▼
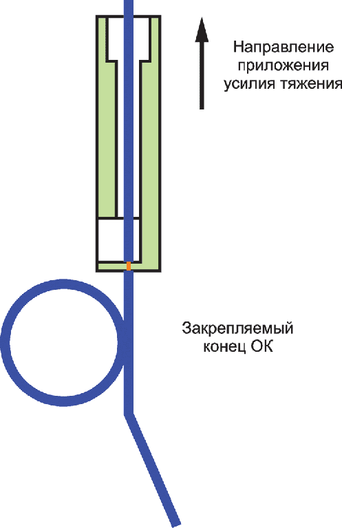 Метод подключения к обоим концам ОК - закрепляемого (фиксируемого) и конца, к которому подвешивается груз - является определяющим для успешного проведения испытания. ОК и его ОВ должны быть надежно скреплены друг с другом. Оболочка ОК не должна растягиваться или смещаться [см.
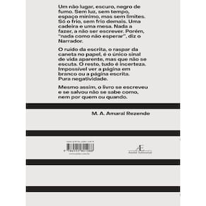 Um não lugar, escuro, negro de fumo. Sem luz, sem tempo, espaço mínimo, mas sem limites. Só o frio, sem frio demais. Uma cadeira e uma mesa. Nada a fazer, a não ser escrever. Porém, “nada como não esperar”, diz o Narrador. O ruído da escrita, o raspar da caneta no papel, é o único sinal de vida aparente, mas que não se escuta. O resto, tudo é incerteza. Impossível ver a página em branco ou a página escrita. Pura negatividade. Mesmo assim, o livro se escreveu e se salvou não se sabe como, nem por quem ou quando. [M. A. Amaral Rezende] “Gostei muito. E tenso e denso. Talvez uma radicalização do Beckett.” [Augusto de Campos] Projeto Gráfico: Casa Rex [Gustavo Piqueira]
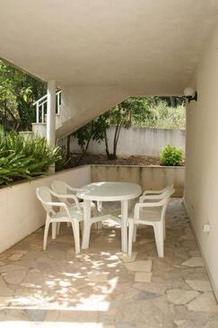 Ferienwohnung bietet Platz für 4 Gäste. Die Betten sind in Schlafzimmern, die es 3 gibt, innerhalb einer Gesamtfläche von 75m2, angeordnet. Die Gäste haben eine eigene Terrasse zur Verfügung, auf der sie in warmen Sommernächten genießen können. Das Apartment bietet Meerblick. Es ist erlaubt, Speisen auf dem Gemeinschafts-Grill vorzubereiten. In der Unterkunftseinheit besteht die Möglichkeit des Mitbringens von Haustieren gegen Aufpreis.
▲
§ TRY IT
Output the data above in full and exactly, with every image left out.

§ RESPONSE TO THIS TASK
 Метод подключения к обоим концам ОК - закрепляемого (фиксируемого) и конца, к которому подвешивается груз - является определяющим для успешного проведения испытания. ОК и его ОВ должны быть надежно скреплены друг с другом. Оболочка ОК не должна растягиваться или смещаться [см.
 Um não lugar, escuro, negro de fumo. Sem luz, sem tempo, espaço mínimo, mas sem limites. Só o frio, sem frio demais. Uma cadeira e uma mesa. Nada a fazer, a não ser escrever. Porém, “nada como não esperar”, diz o Narrador. O ruído da escrita, o raspar da caneta no papel, é o único sinal de vida aparente, mas que não se escuta. O resto, tudo é incerteza. Impossível ver a página em branco ou a página escrita. Pura negatividade. Mesmo assim, o livro se escreveu e se salvou não se sabe como, nem por quem ou quando. [M. A. Amaral Rezende] “Gostei muito. E tenso e denso. Talvez uma radicalização do Beckett.” [Augusto de Campos] Projeto Gráfico: Casa Rex [Gustavo Piqueira]
 Ferienwohnung bietet Platz für 4 Gäste. Die Betten sind in Schlafzimmern, die es 3 gibt, innerhalb einer Gesamtfläche von 75m2, angeordnet. Die Gäste haben eine eigene Terrasse zur Verfügung, auf der sie in warmen Sommernächten genießen können. Das Apartment bietet Meerblick. Es ist erlaubt, Speisen auf dem Gemeinschafts-Grill vorzubereiten. In der Unterkunftseinheit besteht die Möglichkeit des Mitbringens von Haustieren gegen Aufpreis.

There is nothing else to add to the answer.